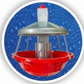
Hindi Yemliđi Turkey Feeder HYM01-0001
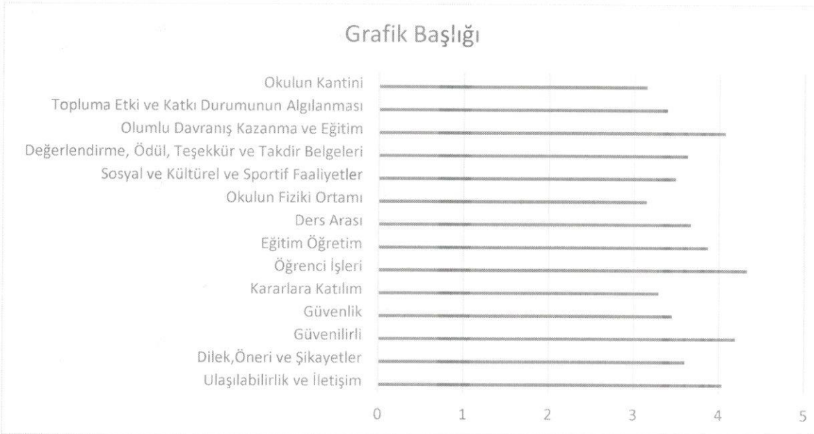
Şekil 2: Velilerin puanlarının konu başlıklarına göre çubuk grafiğinde gösterimi.
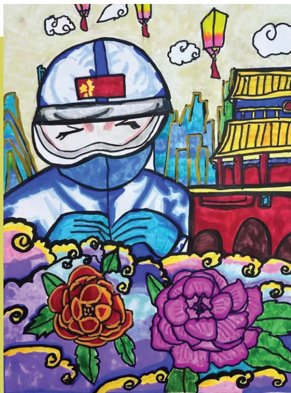
淮师附小山南校区 二(12)班 邹弈轩

● Exercise requirements: What the answer must hold is the exact text of every line from the one containing "Şekil 2: Velilerin" through the end of the data, minus any pictures.

● Answer section:
Şekil 2: Velilerin puanlarının konu başlıklarına göre çubuk grafiğinde gösterimi.
淮师附小山南校区 二(12)班 邹弈轩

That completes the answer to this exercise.